→ **Work to complete**
Among the entries below, which lines run from the line with "The southeast face" through the line with "行き先は原島家(HARASH"? Retype those, both ends included, exactly and without pictures.

Segment Start: Information given

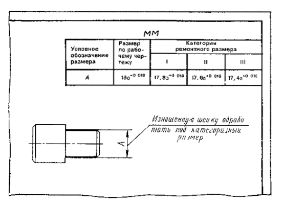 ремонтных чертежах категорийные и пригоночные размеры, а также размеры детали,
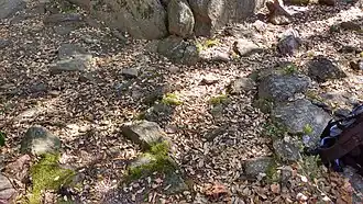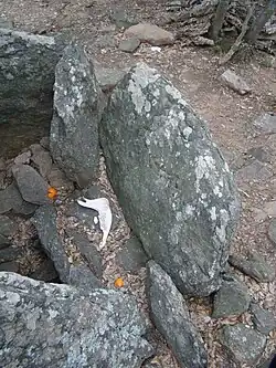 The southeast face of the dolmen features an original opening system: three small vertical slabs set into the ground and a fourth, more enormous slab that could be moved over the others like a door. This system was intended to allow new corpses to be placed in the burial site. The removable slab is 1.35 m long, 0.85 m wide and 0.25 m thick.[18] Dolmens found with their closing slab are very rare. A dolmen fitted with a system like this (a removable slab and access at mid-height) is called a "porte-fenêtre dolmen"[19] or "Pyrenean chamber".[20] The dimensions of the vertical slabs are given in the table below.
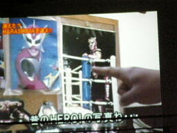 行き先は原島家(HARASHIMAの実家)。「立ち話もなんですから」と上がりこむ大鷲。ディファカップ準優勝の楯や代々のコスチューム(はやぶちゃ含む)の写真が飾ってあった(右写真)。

Segment End: Information given
Segment Start: Information given

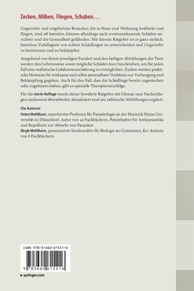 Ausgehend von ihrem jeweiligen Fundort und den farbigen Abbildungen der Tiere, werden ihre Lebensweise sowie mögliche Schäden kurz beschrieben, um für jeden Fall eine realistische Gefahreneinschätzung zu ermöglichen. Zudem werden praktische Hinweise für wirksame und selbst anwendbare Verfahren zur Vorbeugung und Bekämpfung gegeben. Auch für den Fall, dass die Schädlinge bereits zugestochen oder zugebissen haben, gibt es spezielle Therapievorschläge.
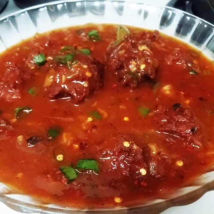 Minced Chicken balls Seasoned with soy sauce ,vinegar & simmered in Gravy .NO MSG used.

Segment End: Information given

→ **Answer to this task**
 The southeast face of the dolmen features an original opening system: three small vertical slabs set into the ground and a fourth, more enormous slab that could be moved over the others like a door. This system was intended to allow new corpses to be placed in the burial site. The removable slab is 1.35 m long, 0.85 m wide and 0.25 m thick.[18] Dolmens found with their closing slab are very rare. A dolmen fitted with a system like this (a removable slab and access at mid-height) is called a "porte-fenêtre dolmen"[19] or "Pyrenean chamber".[20] The dimensions of the vertical slabs are given in the table below.
 行き先は原島家(HARASHIMAの実家)。「立ち話もなんですから」と上がりこむ大鷲。ディファカップ準優勝の楯や代々のコスチューム(はやぶちゃ含む)の写真が飾ってあった(右写真)。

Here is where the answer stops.